Friday, 21 March 2014

Growing Up Without HDR

Is HDR becoming outdated and as photographers can we survive without it?

I recall when I first got into photography in 2006 HDR was one of the new editing tool to hit the market, I saw images created by others and wanted to know how it was done. I found one of the programs and started to use it. It was at the time amazing, the way you could play with details, light shadows and so was wonderful. I jumped in with full gusto, everything went through the HDR route, no matter the subject.

Then I noticed some of the issues we had, noise, halos, harshness and seeing these in both my own images and others I set about trying to refine the whole editing process, I used HDR was an editing tool along with others not a stand alone This gave me results that differed from others and I was asked on several occasions if the images I produced were HDR or not. At that stage when people were no longer sure I figured I must be getting something right.

Over time though other things start to change, other editing software such as Nix Color Efex and the rest of their plug in within CS, OnOne Photo Effects, PhotoTools Pro to name but a few more came along and were all game changers in their own right. They could do more than simple HDR conversions and if used right the subtle changes to an image made that image extraordinary.

Over time I changed as well, I got fed up of harsh course HDR images produced and so my reliance on this editing software has reduced to the point I now rarely use it.

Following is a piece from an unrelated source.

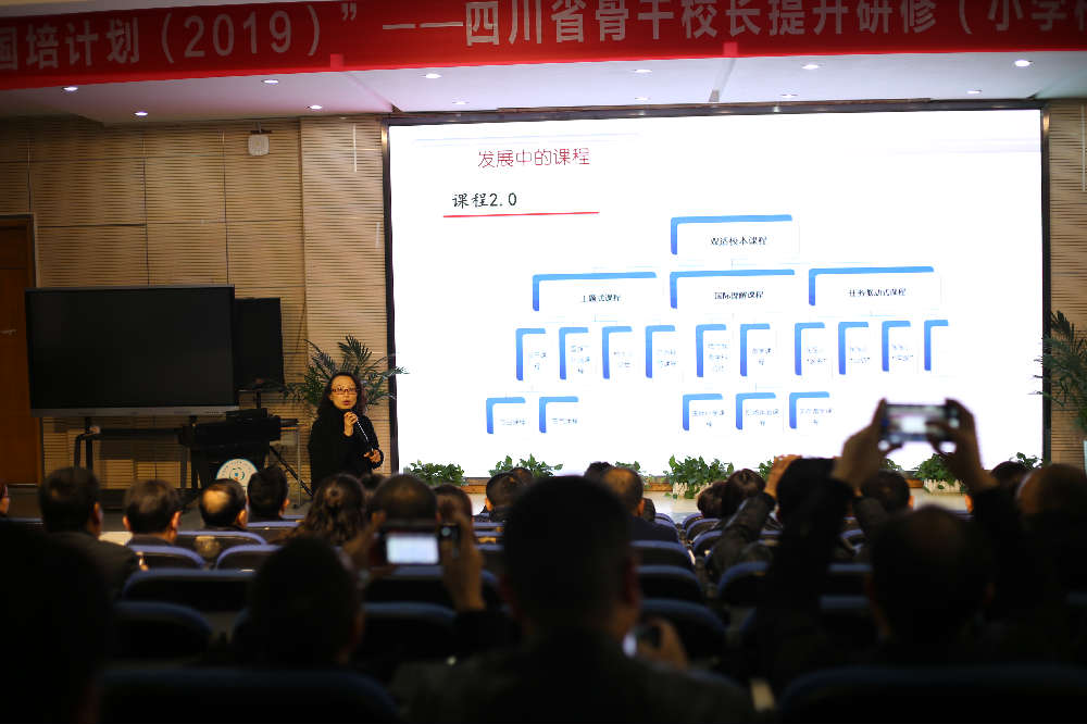 2019年12月5日下午,“国培计划(2019)”——四川省骨干校长提升研修(小学校长第二批)集中培训项目在成都市泡桐树小学(天府校区)举行,来自省内各地市州的80位骨干校长莅临我校参加研修。

Why? Because with time I learnt what my camera can and can't do, the importance of the right lenses, the right time of the day to get the right light, where to position the light in regards to the subject. I looked at my ability to post edit, my capabilities in making more subtle changes but more of them to bring the extra depth to an image I craved.

HDR became a lazy way out, for me and so many others, take an image but don't worry about it too much, we can shove it through any HDR post editing tool and make it stand out.  Some worked, others though stood out for the wrong reasons.

If you are going to use HDR then find a way of incorporating it into your work flow, don't make the mistake of making it the be all and end all of everything you do, it simply does not work.


Keith Yates said...

Amen brother!

John Humkey said...

(In broad generalities) there are two types of photographers: "Creators" and "Capturers". When you say "right time of the day" and "where to position the light", you're clearly a "Creator". I seem to end up being a "Capturer". I understand that the sunrise/sunset "golden hour" light will be best. Unfortunately a particular venue I might visit is private and open from 10am to 5pm. So, HDR sometimes give me . . . that which I could not get otherwise. Its not a miracle cure, or a substitute for proper composition or lighting. Its just one tool in the toolbox, to help under "adverse" conditions, nothing more. You are right of course. Most of the photography I do is to "capture" what I can, under limited time/access constraints. But most all the people I read/watch (photos like yours) are "Creators". Because, even though I'm Capturing . . . I want to "Create" the best I can, within that limited time frame I have access. I'd easily trade 1/2 my "megapixels" for 50% more Dynamic Range and 50% less noise.

innerVision said...

I've wanted to learn HDR properly for quite some time now but I rarely find any real use for it so I get no practice. I guess I could interpret your post Mike, as I'm actually doing something right! ;)
Thanks for the confidence boost!

lazaerus said...

I've noticed the very same thing Mike. Although I do have to admit there are some who have taken HDR to whole new levels, and their work is extraordinary.
I too have made the choice of creating a High Dynamic image without the bracketed HDR process and I'm finding that I prefer the end results much more. I keep learning and finding new paths that work for me.
By the way, love your work, both your images and your words!

Thomas Schoeller said...

Agreed. I took a very similar path as you when all the HDR software products became the rage. For my style, I found a particular genre of photographic art where HDR became a welcome addition. I sell a line of "Rustic's" being old barns and mills. When used properly, the painterly look achieved works well and is selling briskly with my clients. The process is tedious and my wife will gladly ZAP me with a stun gun if the result looks too garish :)))

At this point, I find myself rarely if ever processing nature scenes with HDR. I'm often amazed if shooting within the vicinity of others how many literally "machine gun" dozens of bracketed +/- 7EV RAW exposures. I'm guessing they like to purchase several WD external hard drives a month? I save it for very difficult lighting conditions, bracket 5 to 7 exposures and quickly recompose if other perspectives offer opportunities.

More often than not, I'll pull the results I am needing from a single properly exposed RAW using Lightroom and NIK, and touch up in PS.